Ni vraiment un roman, ni tout à fait une nouvelle, mais « à chute » dans tous les cas, Portrait en pied de Suzanne raconte à la première personne la complexité d’une relation où l’amour se combine à la haine. Il fait par ailleurs partie de ces récits fantastiques – au sens large – que je trouve les plus perturbants : ceux qui jouent sur l’organique – ici une demi-métamorphose, aussi énigmatique que sujette à caution, compte tenu de ce que le narrateur dévoile de lui par ailleurs. Autrement et familièrement dit, Portrait en pied de Suzanne est casse-gueule.
Qu’un personnage de roman soit envahi d’un accablant sentiment de tristesse ressemble fort à un cliché. Mais le récit de Topor réinvestit ledit cliché : « Brusquement, je suis frappé par la sonorité du mot “choucroute”. Je le prononce plusieurs fois en variant l’intonation. Un accablant sentiment de tristesse m’envahit. » (p. 17 en « Folio »). On a là un exemple de ces notations, récurrentes ici, dans lesquelles un constat froid porte en germe les délires d’un narrateur à soigner. Car cette parodie de roman psychologique – entre autres – a tôt fait de dévoiler un narrateur très peu fiable.
C’est ainsi que les quelque quatre-vingts pages de Portrait en pied de Suzanne gagnent en volume. Si « Mon appétit n’est qu’un prétexte. En fait ma boulimie est provoquée par le manque d’affection. » (p. 32) est l’expression limpide du mal-être d’un narrateur suffisamment sain pour faire lui-même son diagnostic, que penser d’un passage comme « Avec moi, la plus banale mésaventure tourne aussitôt à la tragédie. » (p. 41) ? Délire paranoïaque ou constat objectif ? Et ne parlons pas d’une phrase comme « Mon pied gauche est ce que j’ai de mieux. / C’est Suzanne. » (p. 45) ? De là naît la richesse du texte – qu’on l’appelle ambiguïté, profondeur, richesse, fantastique… –, qui contraste singulièrement avec sa sobriété stylistique.

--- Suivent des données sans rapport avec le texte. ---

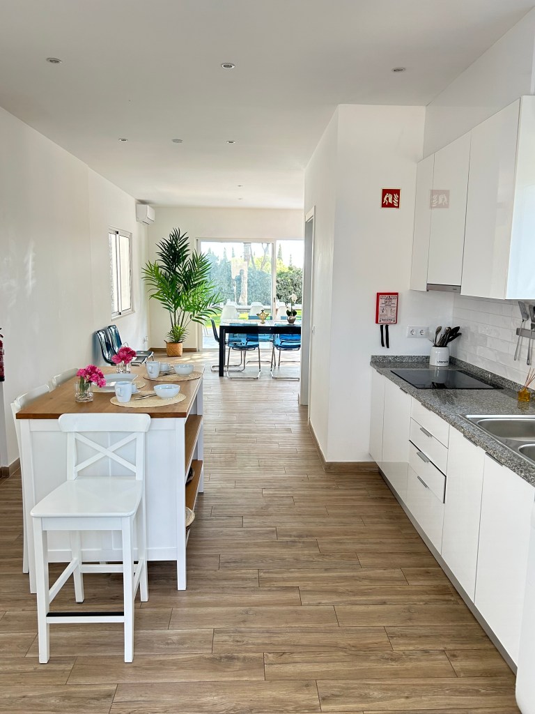 La maison principale entièrement climatisée est composée de 2 chambres, 1 salles de bain, 1 salle de bain d’invités, une cuisine équipée, un salon/ salles à manger avec télévision et Wifi, une buanderie avec lave linge et sèche linge.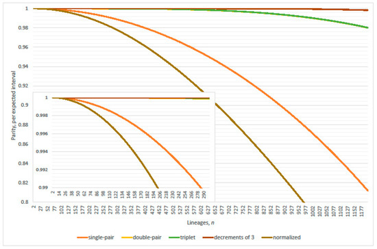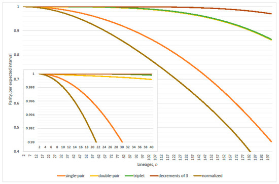 In the single-pair exact ancestral process, parity, per expected interval, exceeds precisely 99% where ; refer to Table 2. An identical criterion was observed with relative error (type II) of the linearized coalescence probability; refer to Section 2.1. In the single- or double-pair exact ancestral process, parity, per expected interval, exceeds precisely 99% where .
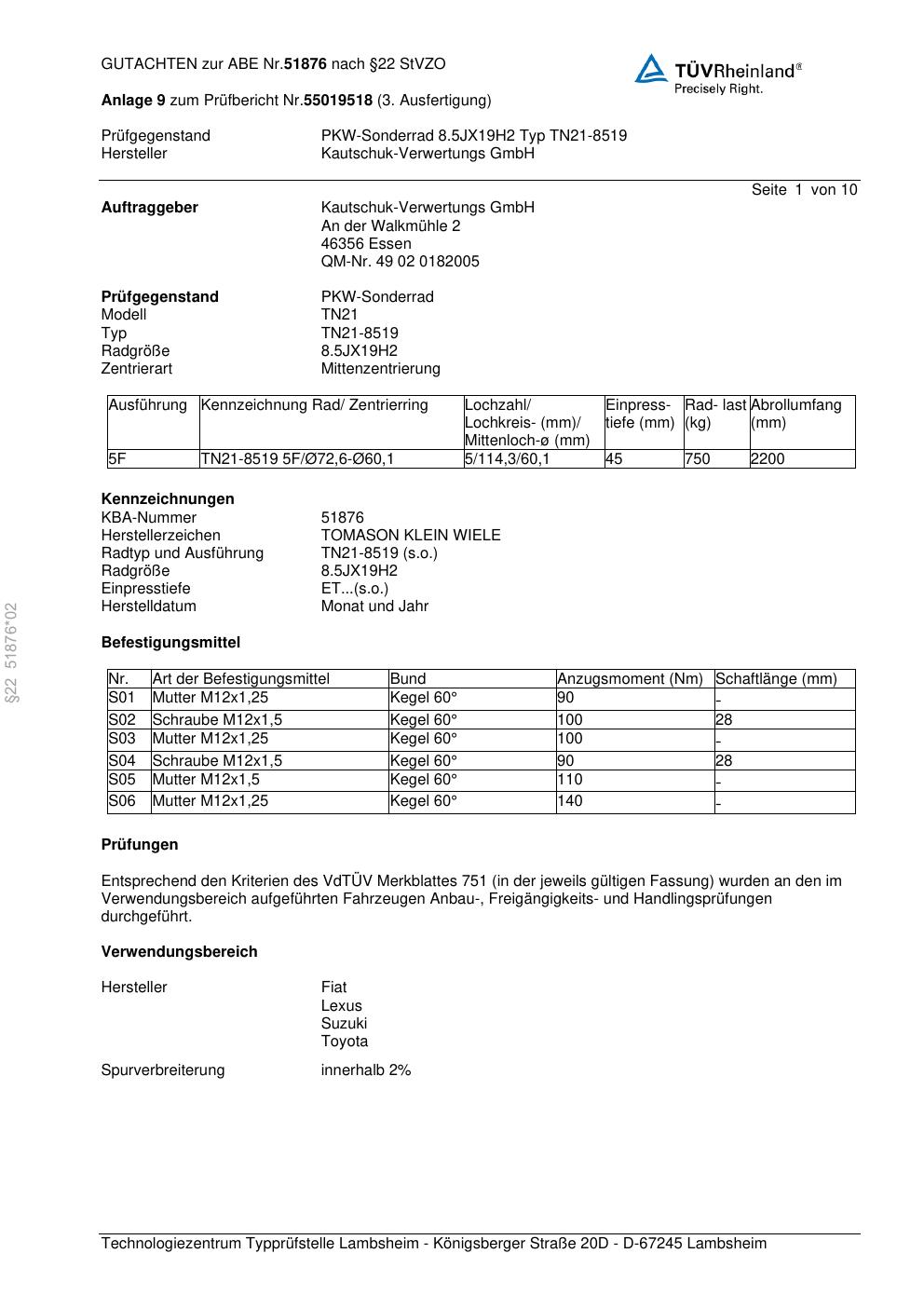 Dieses Gutachten (abe) bezieht sich auf die Alufelge Kautschuk-Verwertungs GmbH TN21-8519 in der Ausführung ET 0, Mittenloch 0 mm (KBA 51876). Im PDF findest du typischerweise zulässige Reifengrößen, Auflagen/Anbauhinweise und – je nach Dokument – Hinweise zur Eintragung.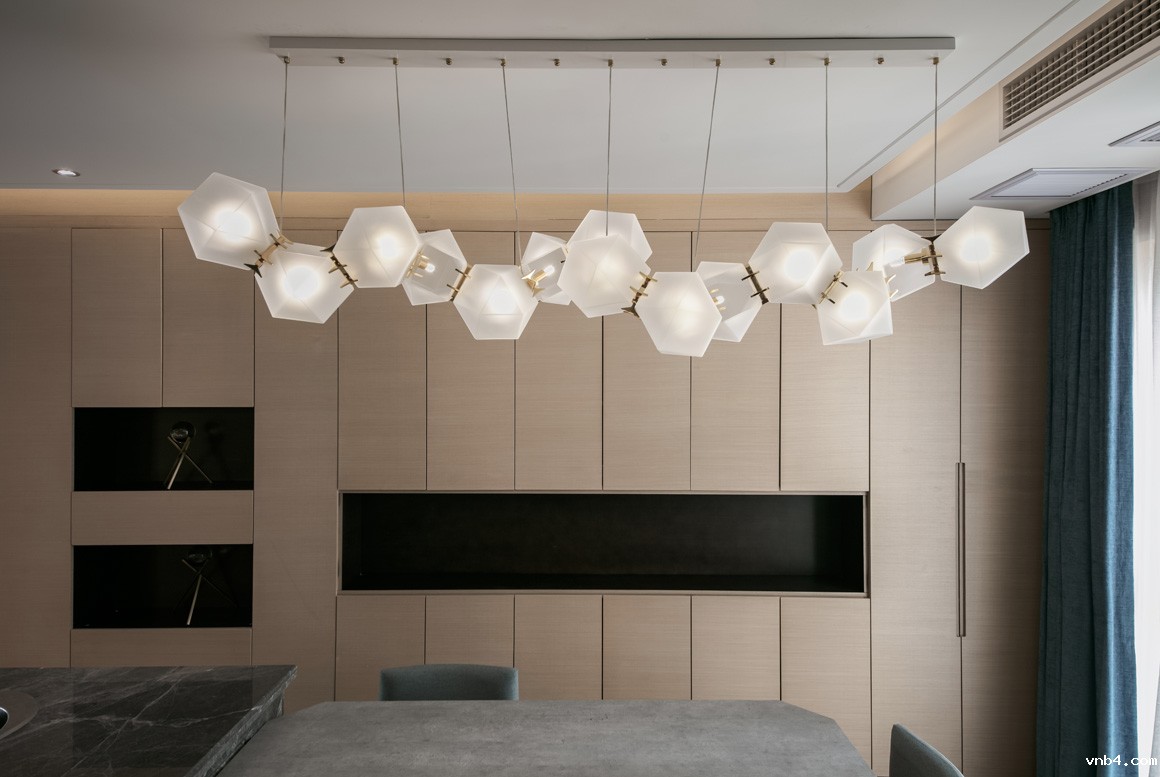 钻石状桌脚的独特设计,45°的柔软斜切,淡雅轻盈的原木色调,整张绽放着细节之美的角桌伫立在餐厅空间,更有别样的时尚风情。在木元素的包裹之下,室内处处都显得温暖轻松,在客厅和餐厅的柜子处,深色调的木元素带来鲜明对比,也增添了室内的质感。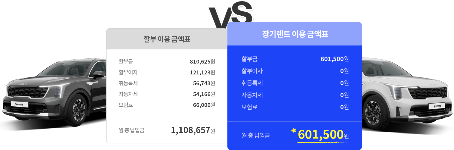 장기렌트는 차량을 소유하지 않고 장기적으로 빌려 사용하는 서비스로, 각종 세금 및 보험료가 포함되어 있는 임대서비스 입니다.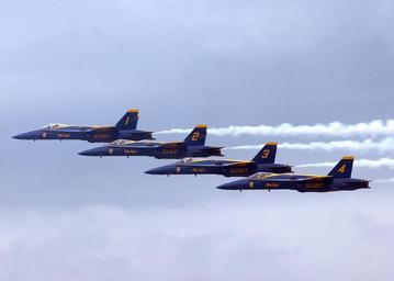 Keywords: blue angels blueangels demostration team demostrationteam manuvering hornet f/a-18 fa18 strike fighter strikefighter aircraft formation nawlins air show airshow perform fly by flyby new orleans neworleans la u.s.a. usa airplane vehicle jet outdoor airplane wing airliner 021027-N-8253M-018: Naval Air Station, Joint Reserve Base New Orleans, La. (Oct. 27, 2003) -- F/A-18 Hornets assigned to the Blue Angels perform at the 2002 N'Awlins Air Show Oct. 26 and 27 aboard Naval Air Station, Joint Reserve Base New Orleans. The U.S. NavyÕs Blue Angels entertain the audience with a tight formation fly-by. U.S. Navy photo by PhotographerÕs Mate 2nd Class Dawn C. Morrison. 021027-N-8253M-018: Naval Air Station, Joint Reserve Base New Orleans, La. (Oct. 27, 2003) -- F/A-18 Hornets assigned to the Blue Angels perform at the 2002 N'Awlins Air Show Oct. 26 and 27 aboard Naval Air Station, Joint Reserve Base New Orleans. The U.S. NavyÕs Blue Angels entertain the audience with a tight formation fly-by. U.S. Navy photo by PhotographerÕs Mate 2nd Class Dawn C. Morrison. |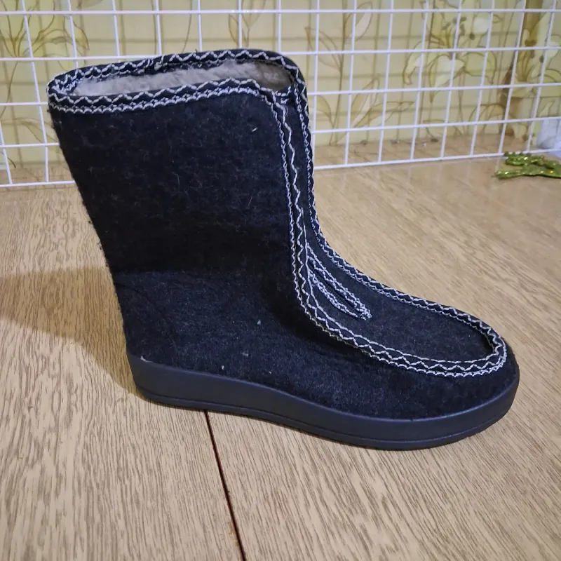 Класичні зимові бурки — це еталон тепла та домашнього затишку для ваших ніг. Ця модель ідеально підходить для літніх людей, а також для тих, хто працює в холодних приміщеннях або живе у приватному будинку. Верх виготовлений із щільного натурального сукна (повсті), яке дозволяє ногам "дихати", але при цьому надійно утримує тепло всередині. Черевики утеплені густим штучним хутром по всій внутрішній поверхні. Головна перевага моделі — зручна застібка-блискавка спереду ("змійка"), яка дозволяє легко взуватися людям з високим підйомом або набряклими ногами, не нахиляючись зайвий раз. Акуратна декоративна прострочка білою ниткою додає взуттю охайного вигляду. Лита підошва з ПВХ досить висока, щоб захистити від холодної підлоги, і має рифлений протектор для стійкості. Це взуття легке, м'яке і не сковує рухів. Характеристики: Сезон: Зима Матеріал верху: Сукно (Повсть) Матеріал підкладки: Штучне хутро Застібка: Блискавка спереду Підошва: ПВХ (протиковзка) Колір: Чорний (з білою строчкою) Розміри: 36-42

Il ne faut pas se méprendre sur le fond d’humour noir dans lequel baigne le texte : une formule comme « je dois être pauvre puisque j’attache une grande importance à mon travail » (p. 9) n’est que le constat sans pitié d’un narrateur peu à l’aise – c’est le moins qu’on puisse dire – avec les conventions sociales. Si l’humour noir n’était qu’une sorte de fantaisie cynique, le récit de Topor n’en relèverait pas. Chez Topor, c’est la vie elle-même qui est noire. Dans cette noirceur, le sentiment de la chute (« Un obèse poilu, voilà ce que je suis devenu. J’ai envie de vomir. Et pourtant, il n’y a pas si longtemps, j’étais encore un enfant lisse. Quelle déchéance ! », p. 34) et l’inadaptation sociale à un monde hostile ne sont pas les ingrédients les plus fades.
À la réflexion, ça ressemble à du Kafka. Celui de la Métamorphose.